The history of botany includes many ancient writings and classifications of plants found in several early cultures. Examples of early botanical works have been found in ancient sacred texts from India, ancient Zoroastrian writings, and ancient Chinese works.

Modern botany traces its roots back more than twenty three centuries, to the Father of Botany, Theophrastus (c. 371–287 BC), a student of Aristotle. He invented and described many of the principles of modern botany.His two major works, Enquiry into Plants and On the Causes of Plants constitute the most important contribution to botanical science during antiquity and the Middle Ages, and held that position for some seventeen centuries after they were written. Also from Greece, Pedanius Dioscorides, in the middle of the first century, wrote De Materia Medica, a five-volume encyclopedia about herbal medicine that was widely read for more than 1,500 years.[7] Works from the medieval Muslim world included Ibn Wahshiyya's Nabatean Agriculture, Abū Ḥanīfa Dīnawarī's (828–896) the Book of Plants, and Ibn Bassal's The Classification of Soils. In the early 13th century, Abu al-Abbas al-Nabati, and Ibn al-Baitar (d. 1248) also wrote on botany.

German physician Leonhart Fuchs (1501–1566) was one of "the three German fathers of botany", along with Otto Brunfels (1489–1534) and Hieronymus Bock (1498–1554) (also called Hieronymus Tragus).

Valerius Cordus (1515–1544) authored a pharmacopoeia of lasting importance, the Dispensatorium in 1546.Conrad von Gesner (1516–1565) and Nicholas Culpeper (1616–1654) also published herbals covering the medicinal uses of plants. Ulisse Aldrovandi (1522–1605) was considered the "father of natural history", which included the study of plants. In 1665, using an early microscope, Robert Hooke discovered cells, a term he coined, in cork, and a short time later in living plant tissue.

During the 18th century, systems of classification were developed that are comparable to diagnostic keys, where taxa are artificially grouped in pairs. The sequence of the taxa in keys is often unrelated to their natural or phyletic groupings. By the 18th century an increasing number of new plants had arrived in Europe from newly discovered countries and the European colonies worldwide and a larger number of plants became available for study. Botanical guides from this time were sparsely illustrated. In 1754 Carl von Linné (Carl Linnaeus) divided the plant Kingdom into 25 classes in a taxonomy with a standardized binomial naming system for animal and plant species. He used a two-part naming scheme where the first name represented the genus and the second the species. One of Linnaeus' classifications, the Cryptogamia, included all plants with concealed reproductive parts (mosses, liverworts and ferns), and algae and fungi. The increased knowledge of anatomy, morphology and life cycles, led to the realization that there were more natural affinities between plants than the sexual system of Linnaeus indicated. Adanson (1763), de Jussieu (1789), and Candolle (1819) all proposed various alternative natural systems that were widely followed. The ideas of natural selection as a mechanism for evolution required adaptations to the Candollean system, which started the studies on evolutionary relationships and phylogenetic classifications of plants.

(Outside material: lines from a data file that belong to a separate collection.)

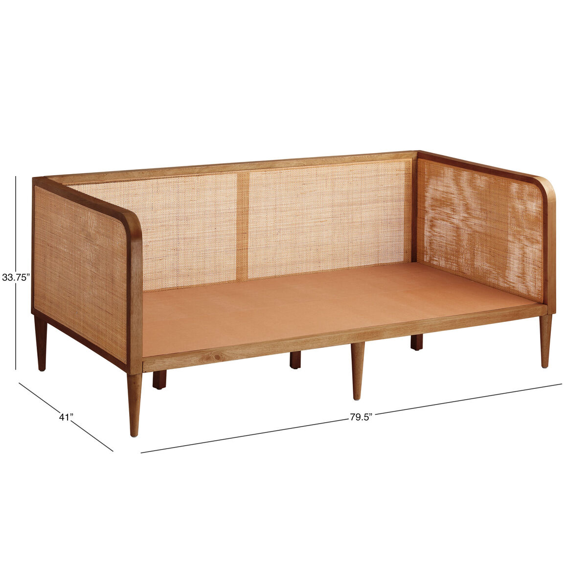 Brand New World Market Kira Rattan Daybed A clean-lined wooden frame adorned with webbed panels of rattan cane, the Kira daybed frame shines natural warmth into the studio, office or spare room: its organic look styles with a variety of wood finishes, natural fiber furnishings and decor from boho to modern. When not accommodating a guest, it's a perfectly cozy occasional seat that fits compactly into your living space. Overall Dimensions: 79.5W x 41D x 33.75H
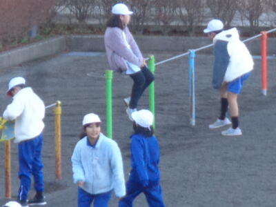 ★今週も週の始まりからすっきりと晴れ渡りました。お日様が顔を出しているせいか、そんなに寒くは感じませんが、時折吹き抜けていく風はやっぱり冷いです。子供たちは、友だちと元気いっぱい楽しそうに遊びまわっていました(#^.^#)。
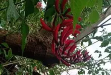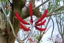 鹦哥花是豆科刺桐属植物,小乔木或乔木。树干和枝条具皮刺。羽状复叶,叶柄平滑,顶生小叶近肾形,侧生小叶斜宽心形,两面无毛。总状花序生于先端叶腋,花鲜红色,大,具花梗,苞片单生,卵形,花萼陀螺形,花冠红…全部>>
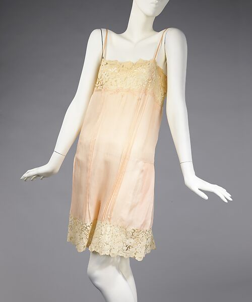 Exquisitely detailed in its decoration, this hand-made teddy was owned by Millicent Rogers, the style maven whose entire wardrobe is in the Brooklyn Museum’s collection. The delicate, fine quality lace contrasts gently with the faint peach crepe de chine. The hand worked details such as the tucking, the drawnwork bands, which overlap with the lace at the bodice top, and the lace, which is applied following the line of the motif, are refined and typify the level of taste and appreciation of beauty Rogers expressed in her clothing. The diminutive monogram, "MM" for her given name Mary Millicent, is the epitome of customization and luxury.
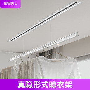 单杆电动晾衣架小户型隐形阳台遥控升降侧装伸缩家用凉...
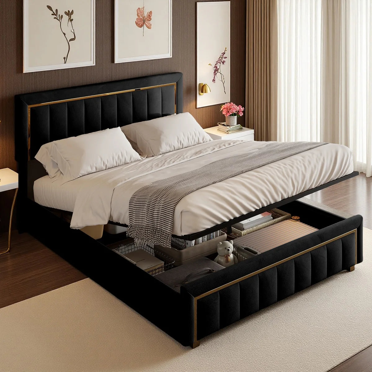 Polsterbett140 x 200cm,Doppelbett mit Hydraulisch und Lattenrost,Jugendbett mit hydraulischem Stauraum und Kopfteil,Samt,Schwarz
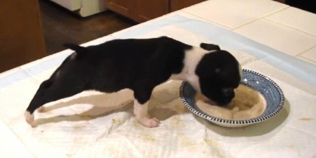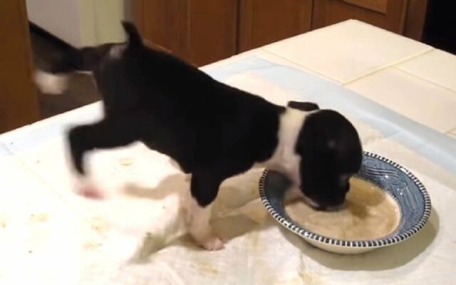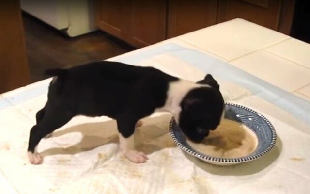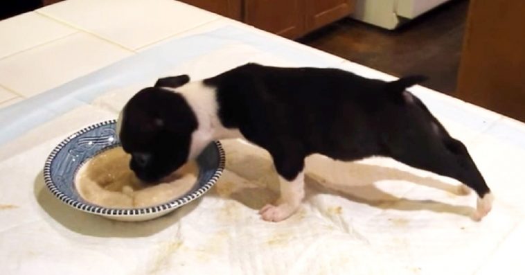 Like this Boston Terrier puppy. As he’s having dinner, his body just can’t control the excitement. His hind legs slowly begin stretching and lifting up in the air all on their own!
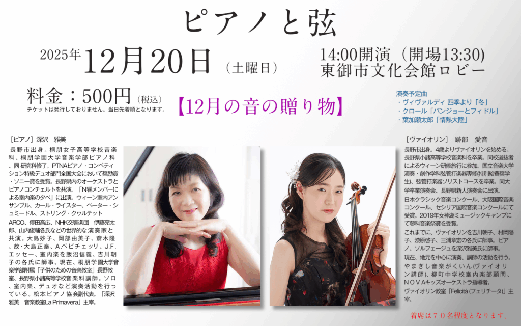 14:00開演(開場13:30)東御市文化会館ロビー

Botany was greatly stimulated by the appearance of the first "modern" text book, Matthias Schleiden's Grundzuge der Wissenschaftlichen, published in English in 1849 as Principles of Scientific Botany. Carl Willdenow examined the connection between seed dispersal and distribution, the nature of plant associations, and the impact of geological history. The cell nucleus was discovered by Robert Brown in 1831

Modern botany

A considerable amount of new knowledge comes from studying model plants such as Arabidopsis thaliana. This weedy species in the mustard family (Brassicaceae) was one of the first plants to have its genome sequenced. The sequencing of the rice (Oryza sativa) genome, its relatively small genome, and a large international research community have made rice an importantcereal/grass/monocot model. Another grass species, Brachypodium distachyon is also an experimental model for understanding genetic, cellular and molecular biology. Other commercially important staple foods like wheat, maize, barley, rye, pearl millet and soybean are also having their genomes sequenced. Some of these are challenging to sequence because they have more than two haploid (n) sets of chromosomes, a condition known as polyploidy, common in the plant kingdom. A green alga, Chlamydomonas reinhardtii, is a model organism that has proven important in advancing knowledge of cell biology.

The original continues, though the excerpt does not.